Der Wert eines Arzneimittels wird wesentlich durch seine erwünschten und unerwünschten Wirkungen bestimmt. Ein kaum beachtetes Risiko ergibt sich aber auch aus der Art seiner Anwendung. In dieser Hinsicht gelten insbesondere Intensivstationen aufgrund der Komplexität der Krankheiten, Therapien und Arbeitsprozesse als fehleranfällig. So hatte eine 2006 publizierte multinationale Untersuchung an 205 Intensivstationen ergeben, dass von 38,8 unerwarteten und die Sicherheit bedrohenden Ereignissen (pro 100 Patiententage) insgesamt 10,5 auf fehlerhafte Verschreibung und Verabreichung von Arzneimitteln zurückzuführen waren (1). Die übrigen verteilten sich auf Gefäßzugänge, Beatmung, Apparate und Alarmmanagement. Von derselben Forschergruppe aus der Universitätsklinik Wien ist nun im BMJ eine Nachfolgestudie erschienen, die sich speziell mit der parenteralen Applikation intensivmedizinischer Arzneimittel befasst (2).

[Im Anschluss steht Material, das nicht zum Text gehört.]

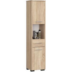 The Floreta tall bathroom cabinet impresses with its optimal arrangement of storage compartments, scratch-resistant, easy-care materials and careful manufacturing. The universal bathroom cabinet is supplied with adjustable feet and a hanging device for wall mounting. Ebern Designs Finish: Sonoma/White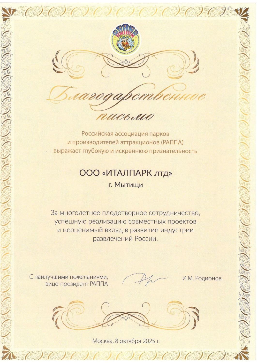Благодарственное письмо 8 октября 2025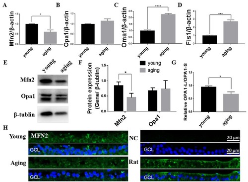 Mitochondrial fusion/fission imbalanced in aging zebrafish retinas. (A-D) Mfn2, Opa1, Oma1, and Fis1 expression in young and aging zebrafish retinas. Graphs represent (A) Mfn2, (B) Opa1, (C) Oma1, and (D) Fis1 gene expression by quantitative real-time PCR (mean ± SEM, *P<0.05, ***P<0.001, ****P<0.0001, n=3. (E) Representative western blot showing the protein expression levels of Mfn2 and Opa1 in young and aging zebrafish retinas. (F) The graph depicts the densitometric mean and SEM normalized to the corresponding level of the loading control protein beta-tubulin (*P<0.05, n=3). (G) The ratio of Opa1-L/Opa1-S, as determined by densitometry of western blots as in E (*P<0.05, n=3. (H) Immunofluorescence localization and relative expression of Mfn2 in the RGC layer of young and aging zebrafish retina cross-sections. All photographs were taken at 40x magnification except rat sections were at 20x magnification. Young, 4-6 months old zebrafish; aging, 19-23 months old zebrafish; NC, negative control (no primary antibody); Rat, rat retina positive control; Opa1-L, Opa1 long segment; Opa1-S, Opa1 short segment; GCL, ganglion cell layer.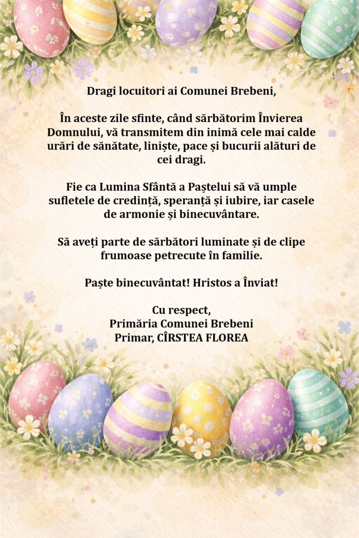 Dragi cetățeni ai comunei Brebeni,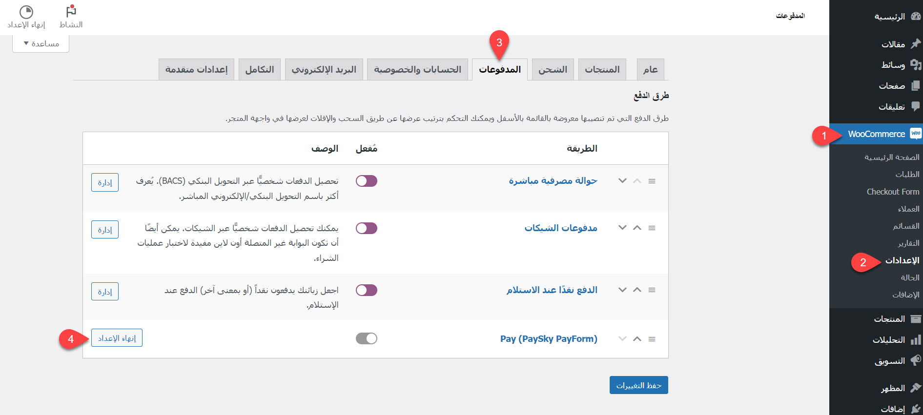 بعد تفعيل الإضافة، عليك إعداد بوابة الدفع باي سكاي في متجرك الووكومرس، ولفعل ذلك توجه إلى إعدادات WooCommerce، ثم انتقل إلى تبويب (المدفوعات)، وانقر على زر (إنهاء الإعداد) الموجود بجانب خيار بوابة الدفع التي تمت إضافتها حديثًا إلى القائمة (Pay PaySky PayForm).
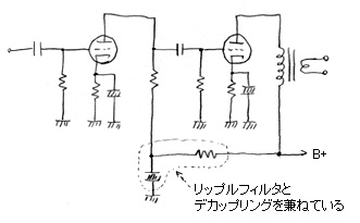 アンプの回路図を見ると、右の図のように電圧増幅段へ一種のCRフィルタを通して供給しているのが分かる。これは、電源回路の平滑回路と同じ形なのでリップル除去用のフィルタとして働くが、もう一つ大切な役目がある。それは、増幅回路の各段を分離するということで、これを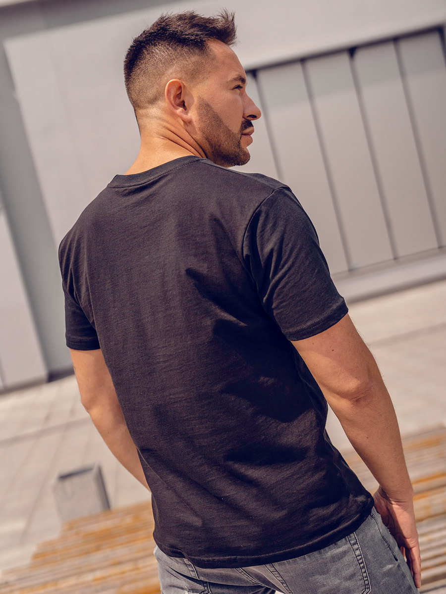 Crna pamučna muška majica s printom Bolf KS1997 pristajat će sjajno uz svaki stil!Prepoznatljivi print daje mu moderan karakter koji će upotpuniti vaš izgled. Majica ravnog kroja s okruglim izrezom pristaje svakoj figuri. Proizvod je izrađen od 100% pamuka, što ga čini nevjerojatno udobnim i prikladnim za svaku priliku. Majica kratkih rukava odlična je baza za kreiranje modernih stilova, bez obzira na priliku i godišnje doba.Uz kratke hlače stvara savršen urbani izgled za ljeto. S chinos hlačama stvara moderan, formalniji stil.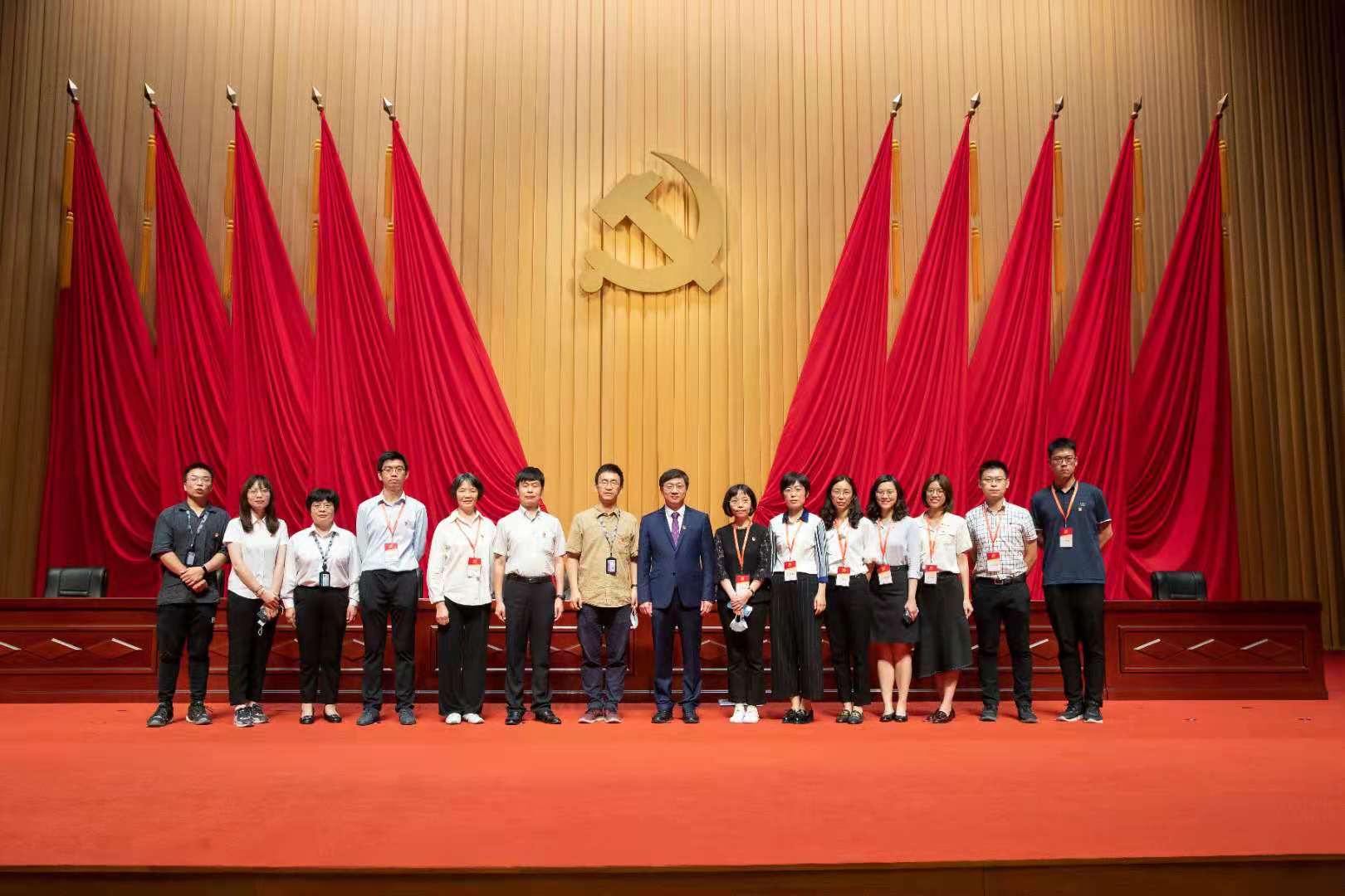 在mk手机注册庆祝中国共产党成立100周年大会上的合影(右三为梁佩锋)

In 27 europäischen Ländern wurden an 113 Intensivstationen (darunter Italien: 20; Österreich: 17; Großbritannien: 17; Deutschland: 9) an einem Stichtag im Januar 2007 prospektiv alle Medikationsfehler registriert. Das Pflegepersonal und die Ärzte mussten diese mittels anonymisierter, strukturierter Bedside-Fragebögen selbst erfassen. Die Fehler wurden kategorisiert nach Fehlerart (falsche Dosis, falsches Arzneimittel, falsche Applikationsart, falscher Zeitpunkt, Applikation versäumt), nach Applikationsart (i.v.-Bolus, i.v.-Perfusor, s.c.) und nach Arzneimittelklasse (sedierende Analgetika, Vasopressoren, Antibiotika, gerinnungsrelevante Medikamente, Elektrolyte, Insulin und andere). Zudem wurden Belegungsgrad, Häufigkeit des Patientenwechsels, Patient-Pflegeperson-Ratio, Patient-Arzt-Ratio, Schwere der Erkrankungen und die Arbeitsbelastung des Pflegepersonals am Stichtag dokumentiert.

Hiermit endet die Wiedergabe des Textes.